Material for this task:

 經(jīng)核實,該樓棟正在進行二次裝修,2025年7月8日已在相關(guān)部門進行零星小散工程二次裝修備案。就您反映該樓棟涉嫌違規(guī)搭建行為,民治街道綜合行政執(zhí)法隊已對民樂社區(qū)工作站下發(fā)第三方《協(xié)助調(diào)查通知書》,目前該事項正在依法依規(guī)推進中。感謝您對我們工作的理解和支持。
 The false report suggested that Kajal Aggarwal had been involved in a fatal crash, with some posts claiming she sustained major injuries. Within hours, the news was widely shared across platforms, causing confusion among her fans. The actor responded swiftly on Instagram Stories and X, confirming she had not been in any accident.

* * *

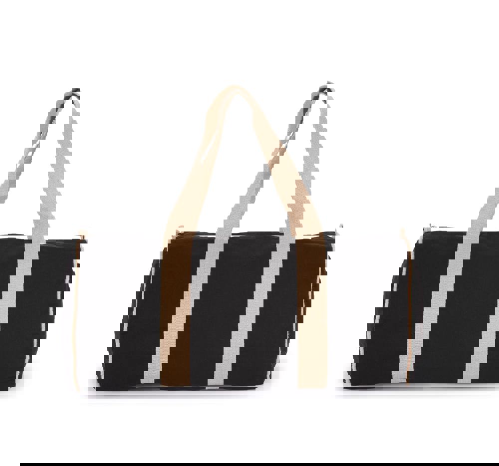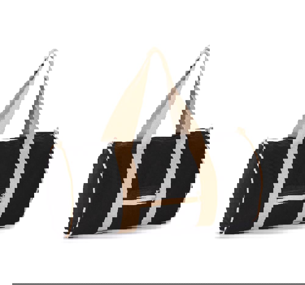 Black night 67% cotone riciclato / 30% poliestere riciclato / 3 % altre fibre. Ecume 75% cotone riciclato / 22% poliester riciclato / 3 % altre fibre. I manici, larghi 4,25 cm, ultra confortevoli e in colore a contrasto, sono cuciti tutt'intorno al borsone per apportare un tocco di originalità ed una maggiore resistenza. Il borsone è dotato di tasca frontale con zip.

How to complete this task: Once you find the line with "經(jīng)核實,該樓棟正" above, print it and every line after it up to and including the line with "The false report", exactly as written and nothing else.

Response area:
 經(jīng)核實,該樓棟正在進行二次裝修,2025年7月8日已在相關(guān)部門進行零星小散工程二次裝修備案。就您反映該樓棟涉嫌違規(guī)搭建行為,民治街道綜合行政執(zhí)法隊已對民樂社區(qū)工作站下發(fā)第三方《協(xié)助調(diào)查通知書》,目前該事項正在依法依規(guī)推進中。感謝您對我們工作的理解和支持。
 The false report suggested that Kajal Aggarwal had been involved in a fatal crash, with some posts claiming she sustained major injuries. Within hours, the news was widely shared across platforms, causing confusion among her fans. The actor responded swiftly on Instagram Stories and X, confirming she had not been in any accident.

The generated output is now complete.